There is a new prima donna on the horizon who has just released her second major label recital. Born in Krasnodar, Anna Netrebko was trained at the St. Petersburg Conservatory and continues her studies with renowned soprano Renata Scotto. She was closely associated with the Kirov Opera, conducted by Valery Gergiev. She is a full-service soprano who has specialized in Italian opera as is in abundant evidence on Sempre Libera, her new recital recording. Verdi, Bellini, Donizetti, and Puccini, the golden composers of the Italian opera, are well represented here and superbly served by Ms. Netrebko's perfectly developed and trained soprano voice. No evidence of strain is apparent and the singer perfectly infuses the "Estrano? E Estrano!" Sempre Libera and from Verdi's La Triviata with the necessary humidity of sexual awareness. Bravo!

Rebecca Martin
People Behave Like Ballads

People Behave Like Ballads is exciting because it is a collection of original compositions by one of the brightest "new" stars in jazz. Ms. Martin has a wide-open attitude toward music and feels that if one is musically inclined that it is that person's public service to write, perform and record. She takes this philosophy to heart. Rebecca Martin makes early '70s and mid '80s Joni Mitchell make sense to me. Both women are cast as "folk" artists and as such they are able to draw form all American "Folk" influences. So, there is jazz, country, blues, and yes, "folk." In addition to being a superb vocalist, Ms. Martin is all so quite the guitarist, leading quite an eclectic band. Martin's lyrical themes include love—lost and found and often misunderstood. Her words are lazy and often sardonic.
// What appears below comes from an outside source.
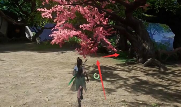7、沿着楼梯下去左转走到桃花那里,然后前往桃花下的楼梯。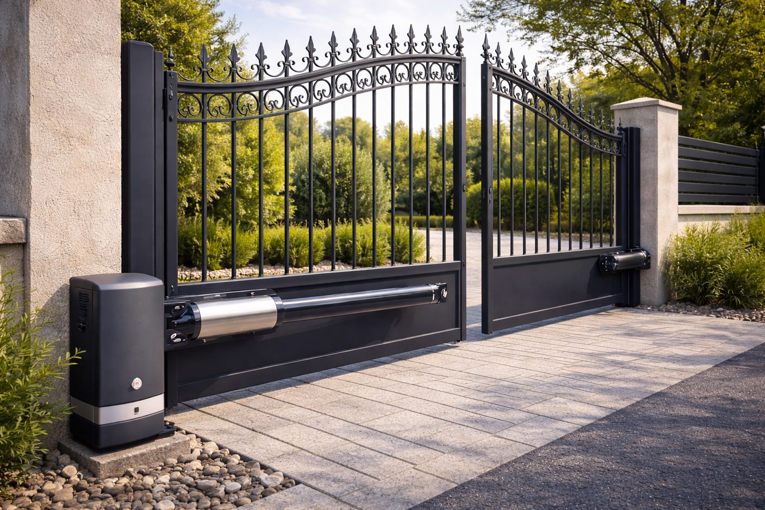 Fadini se distingue par ses motorisations hydrauliques enterrées, particulièrement adaptées aux portails lourds et aux zones exposées au vent. La technologie hydraulique garantit une ouverture et une fermeture fluides, silencieuses et fiables dans le temps, même en usage intensif.

A dreamer this one is.

Rene Marie
Serene Renegade

Rene Marie has had three previous releases on MaxJazz records. How Can I Keep From Singing was an auspicious debut with Vertigo as a solid sophomore effort. Live at the Jazz Standard being the appropriate live apex to this trinity of recordings. Now, Ms. Rene Marie takes the next logical step in producing a collection of predominantly original compositions. She leads a standard rhythm section plus percussion and the exquisite Jeremy Pelt on trumpet. Ms. Rene Marie is taking her sound well beyond the new jazz method employed by Cassandra Wilson. Serene Renegade establishes a gentle groove through its creative center and never stops swinging. The Beatles "A Hard Day's Night" is recast and actually shines brightly on this very fine recording.